**Brief:**
Extract the run of lines that starts at the top of the records below and ends at the line with "L'édition 2016 a", keeping both ends and excluding pictures.

[Dataset records]
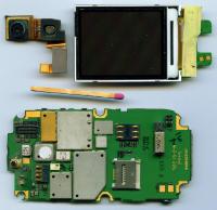 Links oben die flexible Leiterplatte mit den beiden Kameras dieses Klapphandys. Eine schaut nach vorn, dem Benutzer ins Gesicht, die andere in die Gegend. Von ihr sieht man nur den rückwärtigen Deckel. Diese Kameras sind nämlich, um Bauhöhe zu sparen, durch die Folie durchgesteckt.
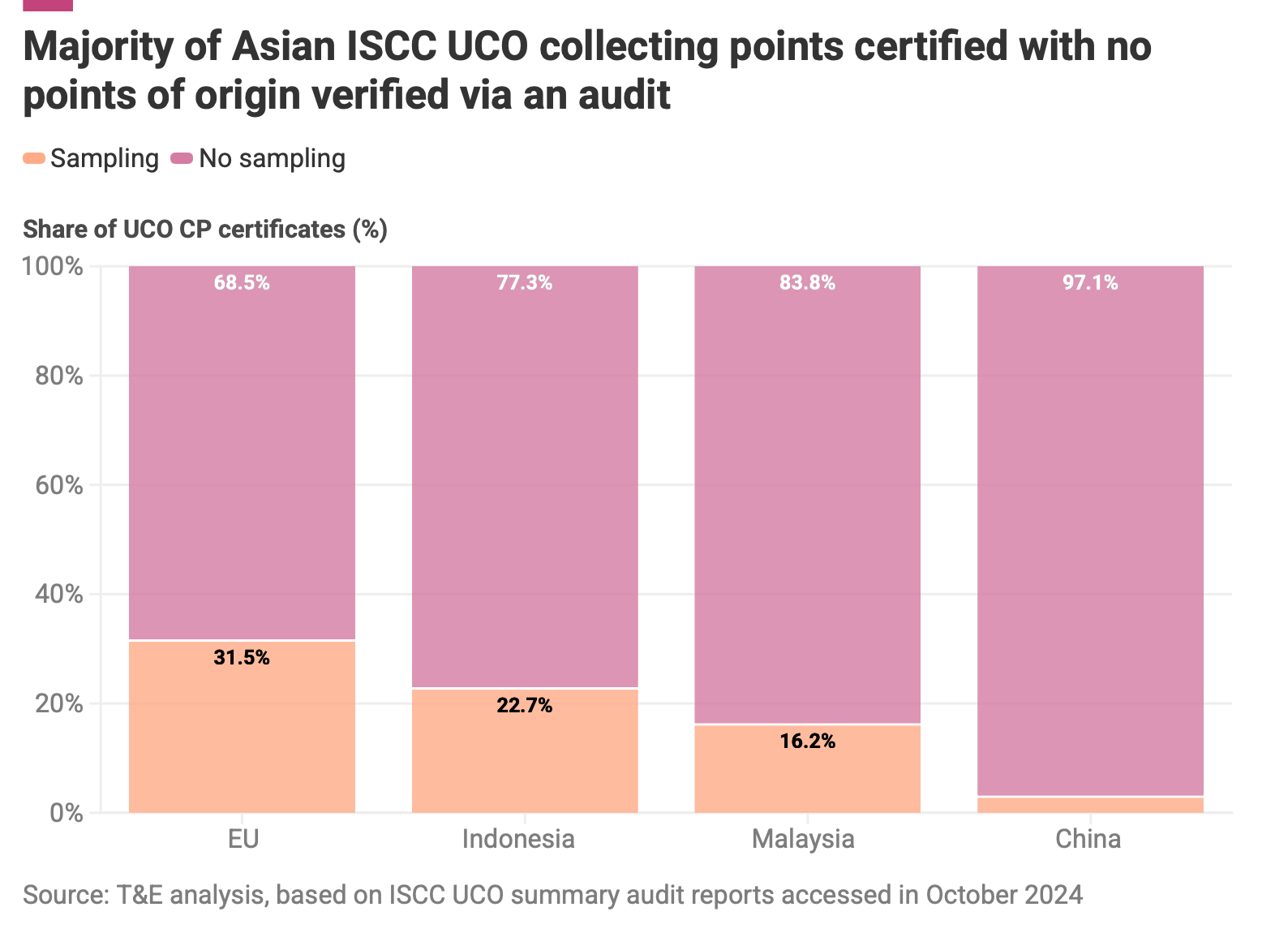 9% Percentage of International Sustainability and Carbon Certification (ISCC)-certified UCO collectors in China, Malaysia, and Indonesia verified through an on-site audit
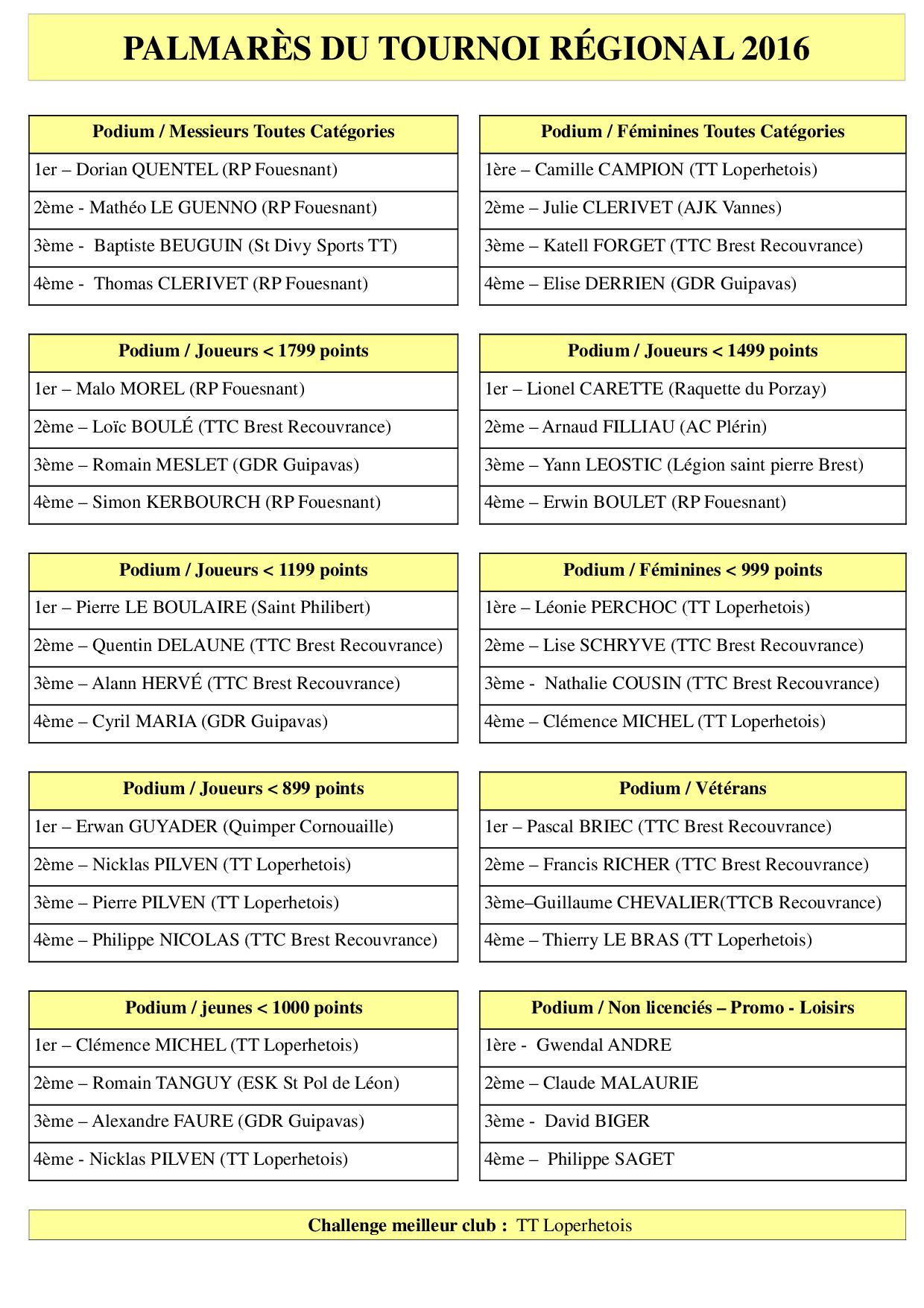 L'édition 2016 a réuni 51 équipes de doubles le samedi, et 147 joueurs et joueuses en simples le dimanche.
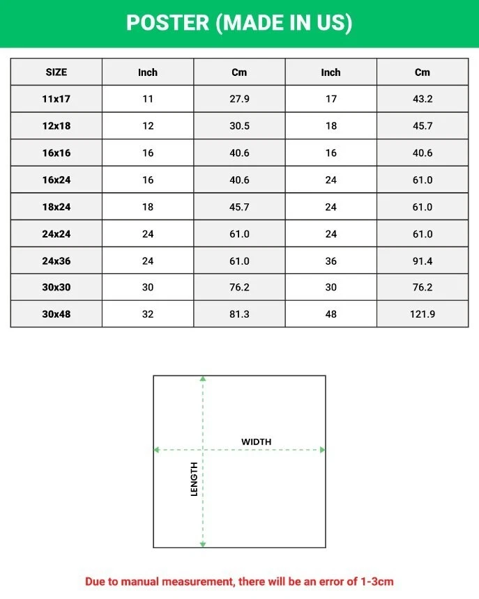 PRODUCT DETAILS Make your room more colorful and add characters to your space with this simple custom Poster. Made from high-quality paper, our posters are perfect to hang on the wall. You can easily decorate any space from a party, bedroom, bathroom, kids’ room, living room, office, dorm, and more with our print-on-demand poster without a frame. High-quality resin-coated photo-base paper. Satin photo finish, maximum color gamut, dmax, and image resolution. Heavyweight (230 gsm); 9 mil base. Ships in protective tubes. Lasts 95 years inside. 5 years in direct sunlight.
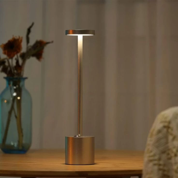 أضف لمسة من الأناقة والعملية لأي مكان مع مصباح الطاولة LED اللاسلكي. يعمل باللمس، ويتميز بثلاثة ألوان مختلفة ولمسة تصميم عصرية مناسبة للمنزل أو المطاعم أو الجلسات الخارجية.
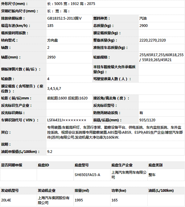 上汽大通SH5031XKCFAG5-A勘察車

**Written reply:**
 Links oben die flexible Leiterplatte mit den beiden Kameras dieses Klapphandys. Eine schaut nach vorn, dem Benutzer ins Gesicht, die andere in die Gegend. Von ihr sieht man nur den rückwärtigen Deckel. Diese Kameras sind nämlich, um Bauhöhe zu sparen, durch die Folie durchgesteckt.
 9% Percentage of International Sustainability and Carbon Certification (ISCC)-certified UCO collectors in China, Malaysia, and Indonesia verified through an on-site audit
 L'édition 2016 a réuni 51 équipes de doubles le samedi, et 147 joueurs et joueuses en simples le dimanche.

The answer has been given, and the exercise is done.